■ WHAT TO WORK ON
Start at the line with "Uygulama Fonksiyonları : Nasıl" and print every line through the end of the material below. Keep it exact and free of pictures.
[TASK INPUTS]
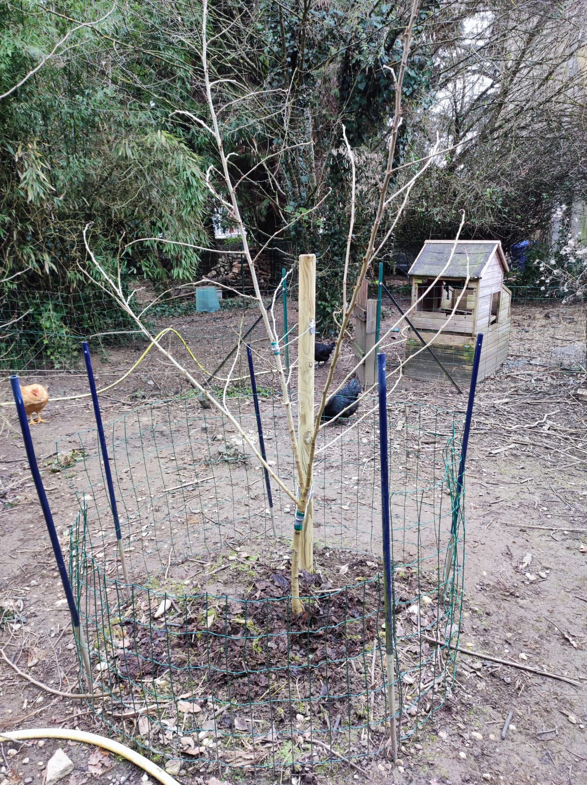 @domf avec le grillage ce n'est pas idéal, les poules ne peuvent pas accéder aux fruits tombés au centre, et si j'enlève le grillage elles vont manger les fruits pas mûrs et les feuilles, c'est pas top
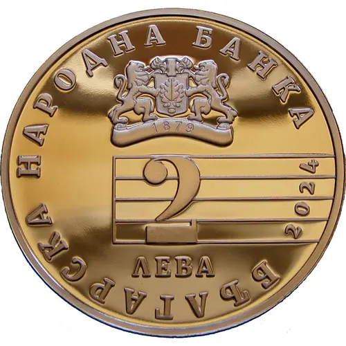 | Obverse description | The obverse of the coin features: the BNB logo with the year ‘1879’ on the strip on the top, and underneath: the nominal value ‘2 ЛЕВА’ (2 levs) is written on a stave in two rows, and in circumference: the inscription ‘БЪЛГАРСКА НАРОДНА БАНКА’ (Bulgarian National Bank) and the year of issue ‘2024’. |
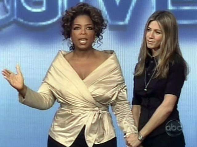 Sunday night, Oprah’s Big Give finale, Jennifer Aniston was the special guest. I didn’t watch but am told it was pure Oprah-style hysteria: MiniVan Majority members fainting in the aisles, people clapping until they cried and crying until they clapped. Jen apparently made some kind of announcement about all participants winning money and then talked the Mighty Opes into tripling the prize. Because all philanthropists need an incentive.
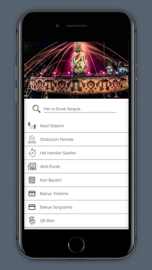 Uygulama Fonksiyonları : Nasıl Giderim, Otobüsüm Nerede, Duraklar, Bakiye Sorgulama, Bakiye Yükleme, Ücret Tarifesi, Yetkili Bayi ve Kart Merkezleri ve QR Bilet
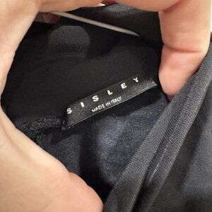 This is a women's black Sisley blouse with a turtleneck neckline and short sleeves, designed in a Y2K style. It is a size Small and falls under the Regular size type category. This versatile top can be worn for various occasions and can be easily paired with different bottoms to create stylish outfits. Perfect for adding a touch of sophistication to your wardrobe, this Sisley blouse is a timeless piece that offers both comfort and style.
[/TASK INPUTS]
■ RESPONSE TO THIS EXERCISE
 Uygulama Fonksiyonları : Nasıl Giderim, Otobüsüm Nerede, Duraklar, Bakiye Sorgulama, Bakiye Yükleme, Ücret Tarifesi, Yetkili Bayi ve Kart Merkezleri ve QR Bilet
 This is a women's black Sisley blouse with a turtleneck neckline and short sleeves, designed in a Y2K style. It is a size Small and falls under the Regular size type category. This versatile top can be worn for various occasions and can be easily paired with different bottoms to create stylish outfits. Perfect for adding a touch of sophistication to your wardrobe, this Sisley blouse is a timeless piece that offers both comfort and style.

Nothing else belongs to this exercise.